Why Grieving is Necessary

Often patients who have experienced a loss of a loved one will ask, “What’s the point of grieving? It does not bring the person back.”  Others have remarked that they have never grieved the loss of a parent or pet indicating that they wish they could “cry or something.” Most of these folks consider themselves stoic, able to control their emotions. Some have indicated that they are afraid that if they started to grieve they could not stop. They fear that the pain would be overwhelming.

So what is the point of grieving? Why is it necessary for psychological health?

Human beings are hardwired to be connected to one another. Beginning from birth (and even before) the infant seeks to attach to its mother.  The quality of the mother-infant bond will determine in large measure the nature of the child’s attachment to others in it’s world. Attachment falls on a continuum. A secure attachment will make it easier for a child, and subsequently an adult, to attach to others. By the same token, an insecure attachment will make attaching to others more difficult. Some children develop what is known as an avoidant form of attachment. That is, during infancy an attachment to the mother did not occur often as a function of the mother’s not being emotionally available to her infant. Fortunately, most of us experience a positive attachment though not necessarily a perfectly secure attachment. (For more about attachment theory, click here).

This attachment allows us to emotionally invest in another person, trusting that they will be available, and letting ourselves feel love toward another person or pet.  Some people, because of their attachment history, are much more able to attach to animals than to people.  Nonetheless, the experience of attachment is the same.  And when that attachment is severed as a function of death or other form of separation, we experience a sense of loss.
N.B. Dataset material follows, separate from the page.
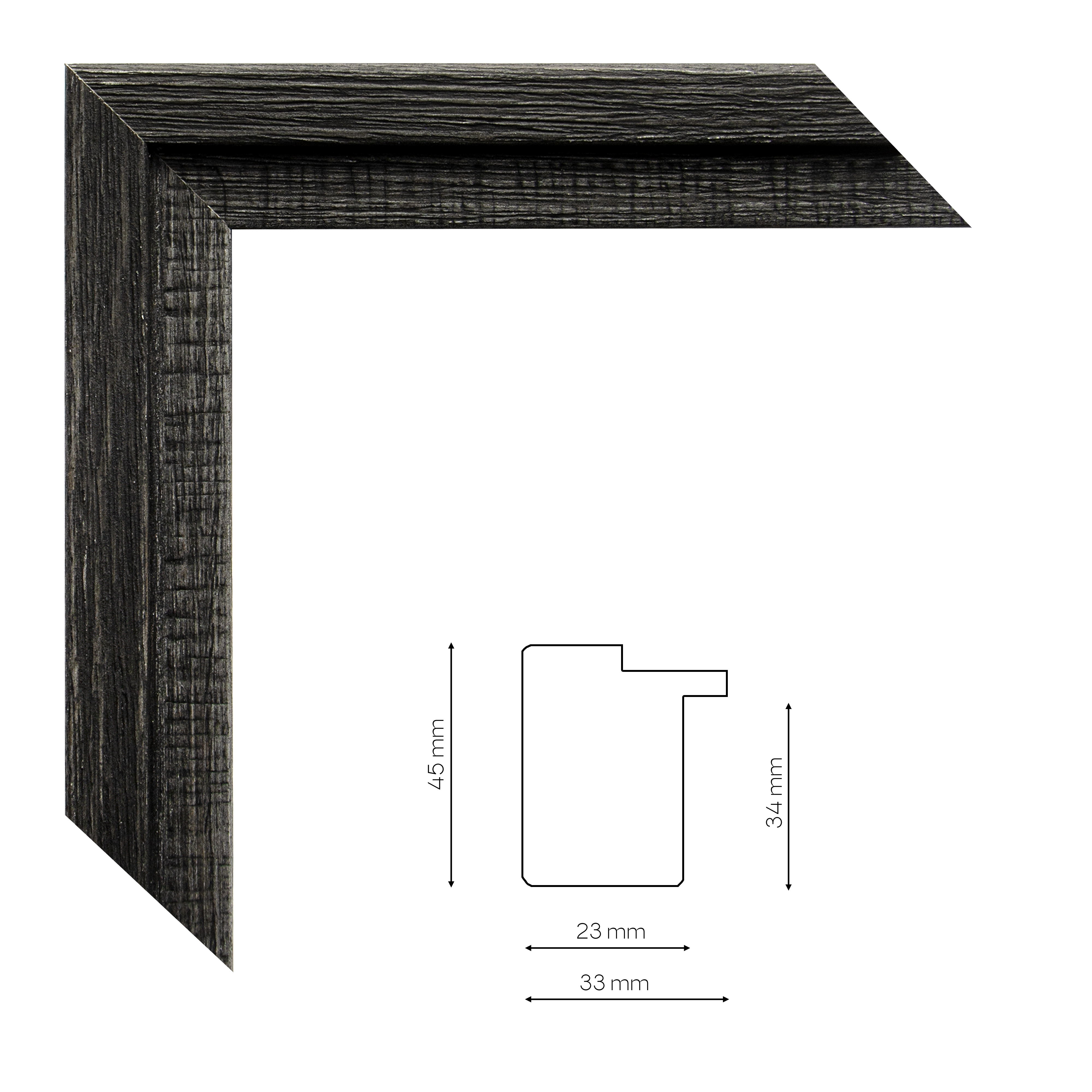 Mélyfalcú olasz képkeretléc, rusztikus jelleggel. Magasított profiljának köszönhetően kíváló választás lehet vászonképekhez. A keret különlegessége a festett hatású fólia, melynek felületét halvány ezüstös csíkok borítják, ezáltal a fény rávetülésével a felületén enyhén csillogást eredményezve.

The magnitude of the loss experienced will be proportionate to the degree of attachment. That experience of loss is termed grief. And the process of mourning the loss is what we refer to as grieving.

Grieving is an integral part of attachment and love. Expressing grief is the flip side of expressing love. Some people don’t express either. They might experience both, but for them it is an internal process. Other people never experience grief and they rarely experience love.  Many are afraid to love because they know that they will have to experience grief should the relationship end. They are so afraid that they would not be able to handle the grief that they prevent themselves from loving.

Grief let’s us know that we have loved. Grieving honors the loved one and the relationship between them and our self. Just as loving was a process of attaching to another person, grieving is a way of detaching and subsequently letting go such that we can move on, not forgetting, but remembering the joy. It is this joy that allows us to attach again. Grieving is an important part of healing from loss. It is a process by which we say goodbye to a loved one, allow the pain to wash over and through us, remembering the joy and pleasure of the attachment and, as the pain eases, we are left with wonderful memories.

If we do not allow ourselves to grieve, we will stunt our ability to attach.  We will cheat ourselves of the joy of deeply connecting with another person. We will have difficulty remembering the joy if we hold onto the pain. If we do not grieve effectively, we stunt our own growth and will find it difficult to attach again. And we may find it difficult to remember the joy thereby tarnishing the memory of our loved one.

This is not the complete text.